Мое сердце перестало биться. Мне очень нужна была работа. Кипа «последних предупреждений» валялась рядом с телефоном, недавно мы были близки к закладу нашего имущества, компания хотела отобрать дом за неуплату.
— А, Мэтт. Это вы? Как прошло Рождество?
Мы обменялись дежурными шутками.
— Дело в том, что четвёртый канал заинтересован в показе фильма о новой экспедиции на Эверест Брайана Блессида. Это десятинедельная поездка, стартует 31 марта, не заинтересует ли она вас?
Вопрос был задан мимоходом, как приглашение на вечернику.
— По какому маршруту?
На другом конце провода послышался бумажный шорох.
— С севера, с тибетской стороны, — ответил он.
С севера. Эти слова вызвали спонтанную химическую реакцию внутри меня. Со скоростью 3620 километров в час пачки электрических импульсов как борзые неслись в моем сознании. В нескольких дюймах впереди них бежал глупый заяц, на его спине красной краской было намалёвано слово «ответственность». Тридцатипятилетний женатый человек, отец троих детей, должен думать о таких вещах. Осторожно.
Но у меня не было времени, Джулиан Вэер не тот человек, кто будет ждать. Две миллисекунды, три миллисекунды, четыре…
Борзые набросились на глупого зайца с маниакальным рёвом, радостно разрывая его на куски своими клыками.
— Да.
— Хорошо, я организую встречу с Брайаном.
Звонок был прерван мягким щелчком. Дышать стало трудно.
Моя жена Фиона с пятилетним сыном Грегори, картинно расположившись на полу среди обрывков оберточной бумаги и пенопластовых внутренностей коробок от новогодних подарков, играли в настольный футбол. Семилетний Алистар настойчиво боролся с эпидемией грызунов в Супер Нинтендо, компьютерной игре, в то время как девятилетний Томас лежал на диване, делая вид, что учит уроки, читал юмористическую книгу.
— Думаю, что мне только что предложили работу.
Фиона приготовилась пробить из-за линии штрафной площадки, её палец, как пустельга на охоте, завис над маленькой фигуркой футболиста.
— О, да.
Она даже не подняла глаз.

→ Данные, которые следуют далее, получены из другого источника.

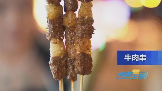 火车星光集市上,还有一个火爆的牛肉串,用的是当天的新鲜牛肉,瘦肉之间串上两块肥肉,提前腌制再烤制,等到牛肉烤到流油,再撒上孜然、小茴香和楚雄辣椒。
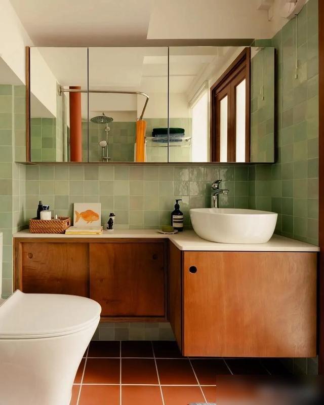 衛生間乾溼分離不說鏡子直通天花板視覺上double尺寸;懸空臺盆給掃地機器人一條跑道;綠磚深淺漸變像抹茶拿鐵拉花——原來乾溼分區也能玩出小清新。
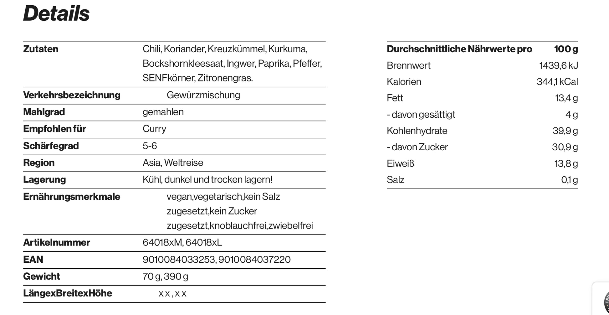 Hier handelt es sich wie bei allen unsererCurrysorten um jene, dieausschließlichaus hochwertigen, frisch vermahlenen Gewürzen bestehen. Fruchtpulver ist hier keines enthalten, weshalb die Temperatur sehr hoch sein darf, ohne dass Geschmack verloren geht!
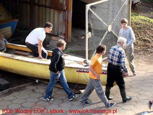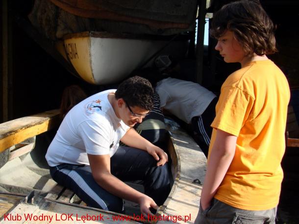 Młodzież pod kierunkiem Marka Woźniakowskiego przygotowywała pokład omegi do lakierowania.
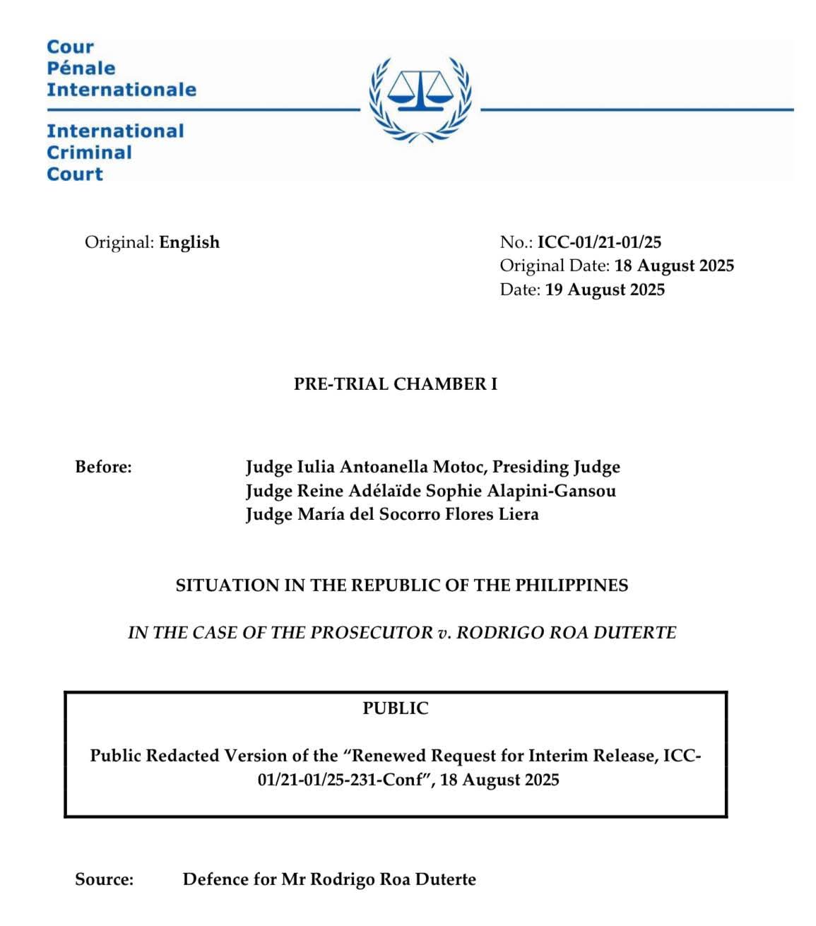 The filing, dated Aug. 19, 2025, from the Pre-Trial Chamber I, addressed the “Renewed Request for Interim Release” in the case of the Prosecutor vs. Rodrigo Roa Duterte.
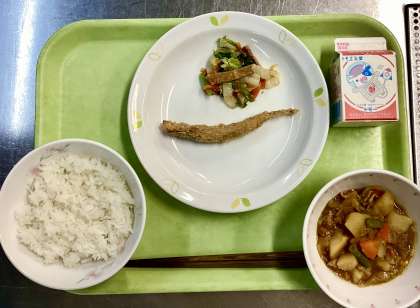 ししゃもフライはいつもサクサクとして、その食感が気持ちいい!食感が気持ちいいと、自然と美味しく感じますね!これで小魚・ししゃもが苦手という生徒も、克服してほしいです。骨ごと食べる小魚は、重要なカルシウム源です。体を大きくするために必要な骨の形成に欠かせないので、しっかりと食べてください!ご飯のおかずとしても、意外に合うんです。
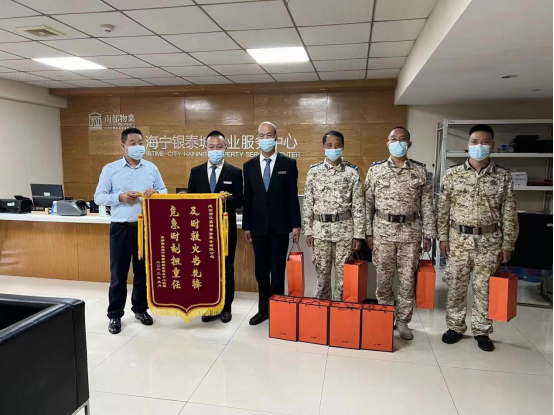 金泰城超市的领导接报知道此事以后,与银泰城的领导一起慰问了灭火英雄,并给浙江蓝剑安全服务有限公司送去了一面鲜红的锦旗。
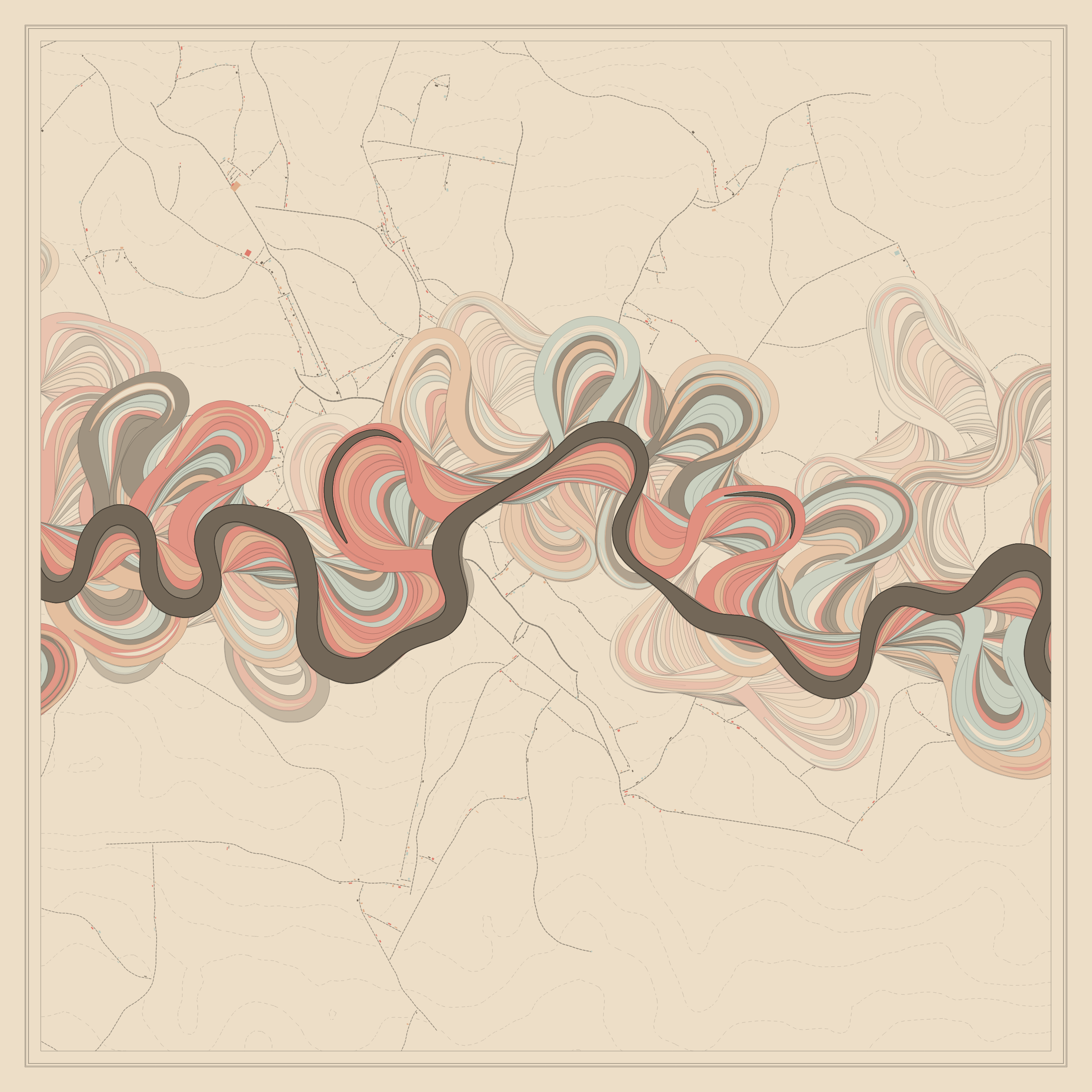 Ancient Courses is a generative experience that explores the aesthetics of meandering rivers and the settlements that form on their banks. The design is graphic and cartographic with bold color palettes rendered against map iconography and line sensibility. From the river banks, roads stretch across the landscape: sometimes a single access road, other times sprawling towns. The river meandering is simulated via a custom algorithm which closely models the real world process.
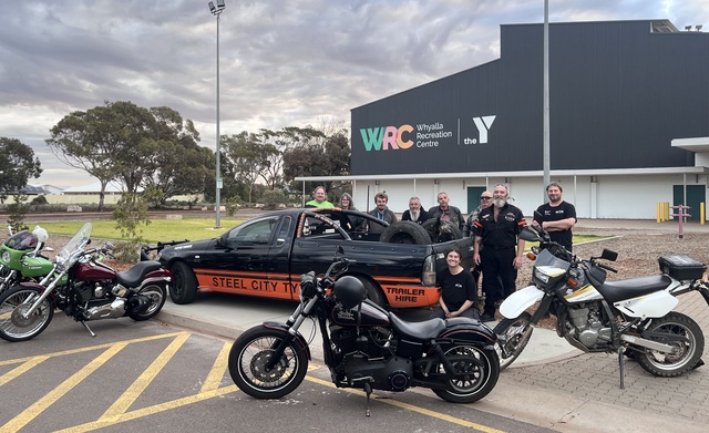 The Steel City Toy Run will be kicking off at the Whyalla Rec Centre this year, with stands up at 10am. Pictured is Damon McDonald, Mandy Smith, Adrian Dyer, Brett Johnston, David Birdseye, Darrell Risborg, Ian Worth, Callum Smith, Emily Rawlings. (Jack O'Halloran). 517660.
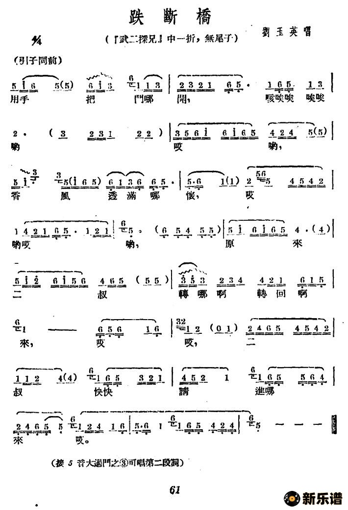 演唱的[广西文场]跌断桥(《武二探兄》选段、无尾子)歌词,[广西文场]跌断桥(《武二探兄》选段、无尾子)简谱.
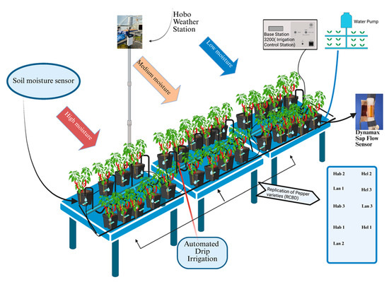 Although the effects of drought on chili peppers have been investigated, few studies have examined how specific volumetric soil moisture content (VSMC) levels influence the physiological and biochemical traits of Capsicum chinense across different varieties under water-limited conditions—particularly using advanced tools such as soil moisture and sap flux sensors. For instance, Sun et al. [25] used a 10HS capacitance sensor (Decagon Devices, Pullman, WA, USA) to evaluate the effects of 15%, 25%, 35%, and 45% VSMC on three chili pepper varieties, whereas Pedroza-Sandoval et al. [26] assessed two varieties under VSMC levels of 20% and 25%, with soil moisture monitored in real time using a digital tensiometer (MO750, Extech Instruments Co., Laredo, TX, USA). However, there is a lack of research exploring chili pepper performance under lower VSMC thresholds (<21%) with precise, sensor-based irrigation management, which could yield valuable insights into cultivar-specific water-use strategies and their effects on yield and quality. Recent studies have demonstrated the increasing application of sap flux and sap flow sensor technologies in horticultural crops, particularly under controlled or semi-controlled environments. For instance, Zhang et al. [27] developed a flexible, plant-wearable sap flow sensor to monitor water transport dynamics in watermelon fruit stalks across different developmental stages, offering real-time physiological insights that can enhance fruit growth monitoring and irrigation precision. Mancha et al. [28] validated the use of sap flow sensors against weighing lysimeters in vineyards, demonstrating strong agreement (R2 = 0.85) and supporting their use in quantifying vine transpiration under different irrigation strategies. However, despite these advancements, sap flow sensing technologies have not yet been applied to chili pepper (Capsicum spp.) under greenhouse conditions—a high-value crop that is highly sensitive to water availability. This presents a critical gap in the literature, particularly given the need for precise, crop-specific irrigation strategies in protected cultivation systems. To address the challenges posed by water stress, sensor-based irrigation technologies have emerged as effective solutions. Systems utilizing soil moisture sensors, sap flow sensors, and automated irrigation controllers allow the real-time monitoring of plant and soil water status, enabling precise and timely irrigation decisions. Technologies such as Hydra Probe sensors and Arduino-based automated irrigation systems have been successfully implemented in controlled environment agriculture to improve water-use efficiency and optimize crop growth [29,30,31]. While soil moisture and environmental sensors are commonly used, the application of sap flux sensors for monitoring plant water status remains largely underexplored in hot pepper cultivation. Sap flux measurement provides a direct, real-time indicator of whole-plant transpiration and internal water movement, offering critical insight into plant physiological responses to irrigation. By integrating sap flux monitoring in chili peppers, this study introduces a novel approach that enables the dynamic assessment of plant water demand, paving the way for more responsive and efficient irrigation strategies. These sensor-driven systems not only allow to conserve water but can promote consistent physiological performance and enhanced fruit quality under variable environmental conditions, offering a sustainable path forward for hot pepper production.

Её палец, настраиваясь на удар, сдвинулся на долю миллиметра.
— Это Эверест. Десять недель.
Её палец провел молниеносный удар, вогнав мяч, величиной с горошину, под верхнюю перекладину ворот.
— Дети, посмотрите внимательно на своего папу, вы, возможно, его долго не увидите.
Дети проигнорировали её, Грерори выстроил своих игроков для нанесения удара по центру.
— Я серьёзно. Это предложил Джулиан Вэер.
— Bay.
— Его четвёртый канал заинтересовался второй попыткой Брайана Блесснда.
— Не может быть, — Фиона быстро остановила контратаку Грегори. — Если ты думаешь, что кто-то в здравом уме собирается поручить тебе это, то ты ошибаешься. Он слишком толстый. Они уже делали фильм о его попытке влезть на эту дурацкую гору.
Нет на земле более циничного человека, чем жена внештатного телевизионного режиссера. Что касается работы, то, если бы я возвратился домой из поездки в Ватикан и сказал Фионе, что Папа собственноручно вручил мне гарантию, написанную своей кровью, что он поручает мне сделать следующий документальный фильм, её ответ был бы: «Ха-ха».
И почему это так? Одиннадцать лет назад она была двадцатитрехлетней цветущей девушкой с цветами в волосах, которая шутя ставила подножку в проходе деревенской церкви в Саксесе. Она верила всему свету и его людям. И мне. Возможно, она видела выбранную мною карьеру телевизионщика благородной, несущей развлечение и свет в дома людей. Выйти замуж за телевизионного режиссера было тем, чем можно гордиться? О, все это было прекрасно.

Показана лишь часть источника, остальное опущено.